Tang Xicheng (1924–1993), a member of the Chinese Theatre Association, director of the Henan Theatre Association. The achievements of his artistic achievements contributed to the highest peak of the male character in Henan opera and Mr. Tang is a master of Henan opera.

Li Sizhong (1921–1996), a famous master of the Henan opera, the representative of the Heilian performer ("male character with darkish painted face") of Henan Opera.

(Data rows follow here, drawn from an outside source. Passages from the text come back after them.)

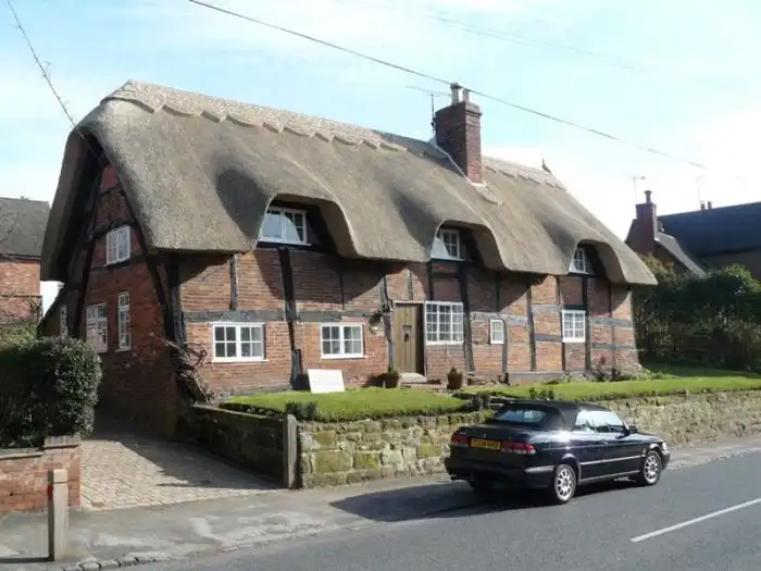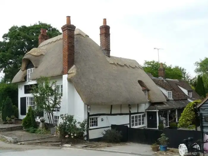 Соломенные крыши - это не редкость в пригороде Англии.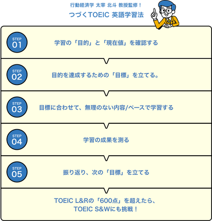 先ほど述べたように漠然とした遠い目標を設定すると、人は「現在バイアス」「自信過剰バイアス」によって自分を甘やかしてしまいがちです。英語の学習を継続して行うためには、漠然と“英語を話せるようになる!”という目標を立てるのではなく、具体的で細かい目標を立てることが重要です。その目標に一つ一つチャレンジしていくことが、「先送り」を防ぐことには効果があるでしょう。調査で“TOEIC Testsが英語学習の目標設定に効果的である”という結果も出たように、実現度の高い目標として、TOEIC Testsのような信頼性の高いテストを定期的に受験することで実力を測定していくことが望ましいと言えます。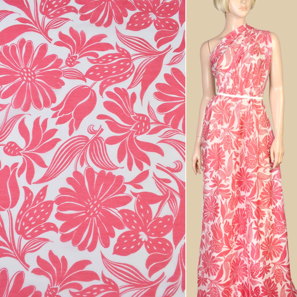 Шовк з бавовною білий в малинові ромашки, ш.140 купить в розницу и оптом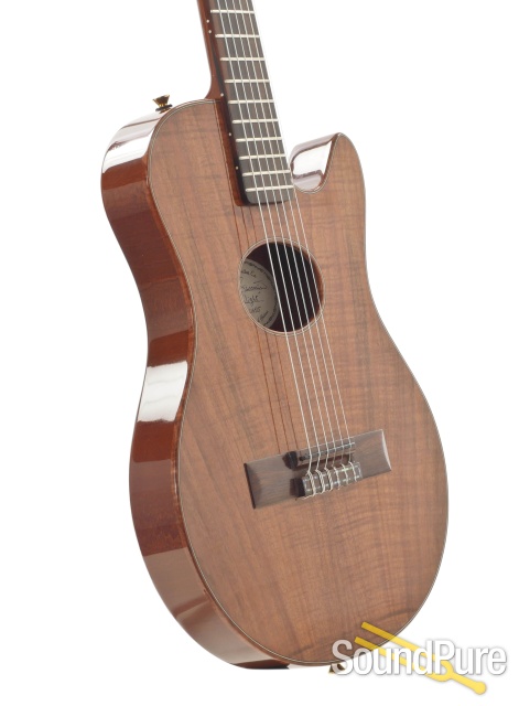 There's a particular warmth and presence not typically found in Nylon string instruments that immediately embraces you and consumes you all over. These Buscarino's are as much a delight to play as they are to look at. The fretwork is absolutely impeccable and the neck is a joy to play all up and down. Plugged in is sonic bliss, an absolute plethora of sweet and glassy sounds that just bounce around the room. The Buscarino's are commonly regarded as some of the nicest Nylon stringed instruments in the world and there's no argument to the former here - these are absolutely incredible pieces. Rather than immediately blowing one away, this will draw you in and keep your attention with demand.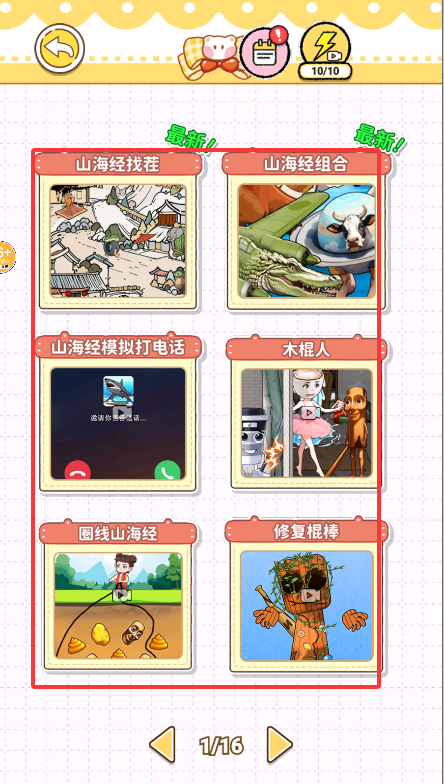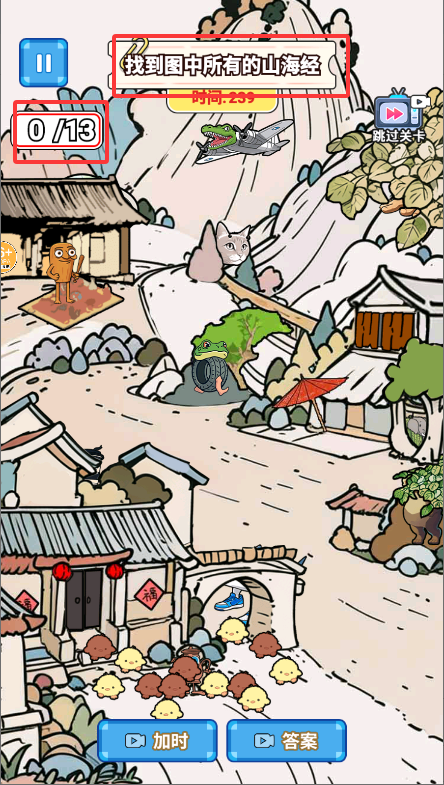 3、进入关卡后,根据头顶的目标,找齐十三个山海经即可过关。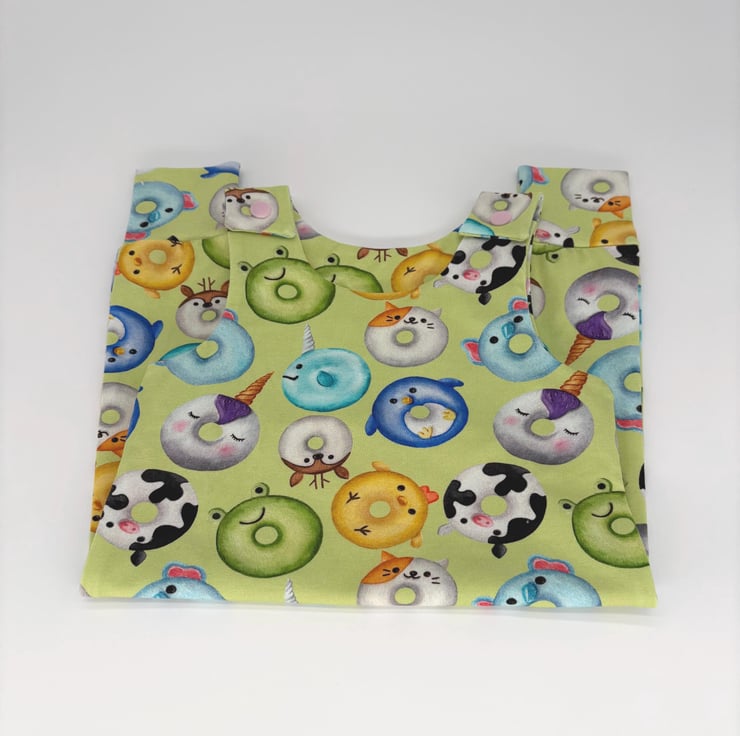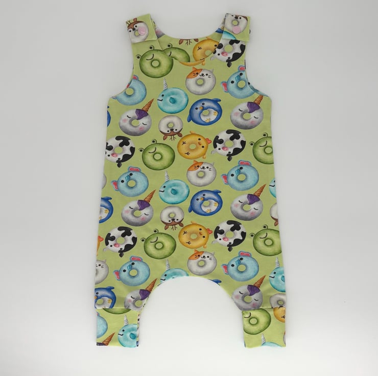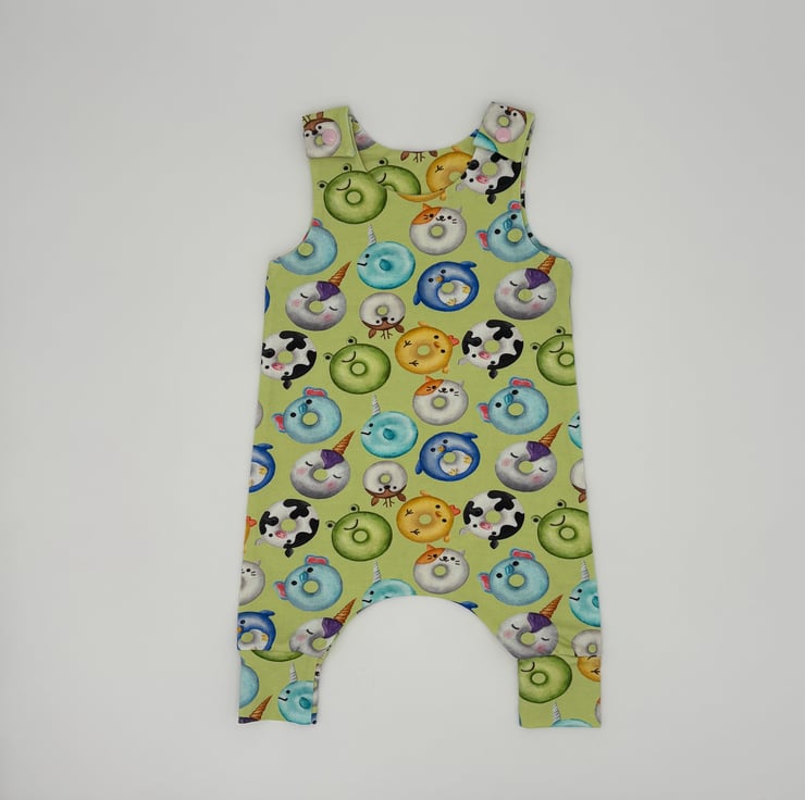 Handmade dungarees in an Animal Ring Doughnut print.
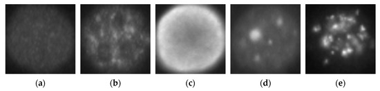 The deep residual networks were first trained using a relatively small dataset, as mentioned before. We adopted the SNPHEp-2 dataset here for this initial learning process. This dataset was presented by Wiliem et al. [5] and comprises five classes, which explains why the classification layer of the networks shown in Figure 5 had five neurons. The five classes (cell types) are the homogeneous, the coarse speckled, the fine speckled, the nucleolar and the centromere cells. The dataset contains 1884 data, divided into two sets: 905 images for training and 979 others for testing. Figure 8a–e shows one sample per class from this dataset.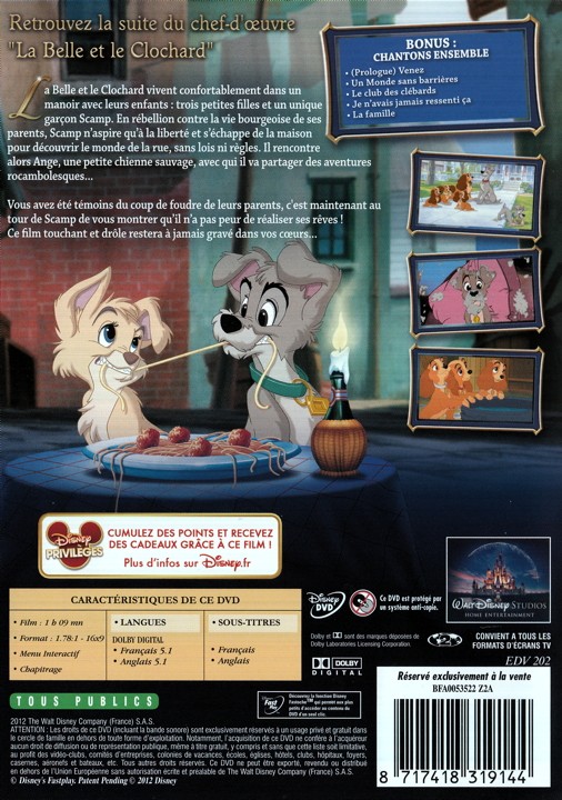 - Titre originale Lady and the Tramp 2 - Scamp's Adventure

==Status quo and suggested solutions==

As an important local opera genre among the numerous non-material cultural heritage related Chinese operas, however, Henan opera are facing a hard situation on the protection and development. As many other local operas, the future of Henan Opera is worrying due to the influence of commodity economy and the impact of modern lifestyles. The number of plays and urban audience has reduced, and the rural audience is dominated by the elderly. As for suggestions to improve the hard situation, Henan opera can establish a mutual benefit with tourism resource to appeal more audience. At the same time, the exploration and research of Henan opera materials can be enriched, the investment in the development of Henan opera can be increased, and the productization of Henan Opera tourism meets the need of the times. There are some specific strategies such as strengthening the tourism propaganda of Henan opera, building the characteristic brand of Henan opera culture, developing the Henan opera tourism experience project, holding the Henan opera festival, Cultivating the new force of Henan opera tourism, and exploring various development model of Henan opera tourism.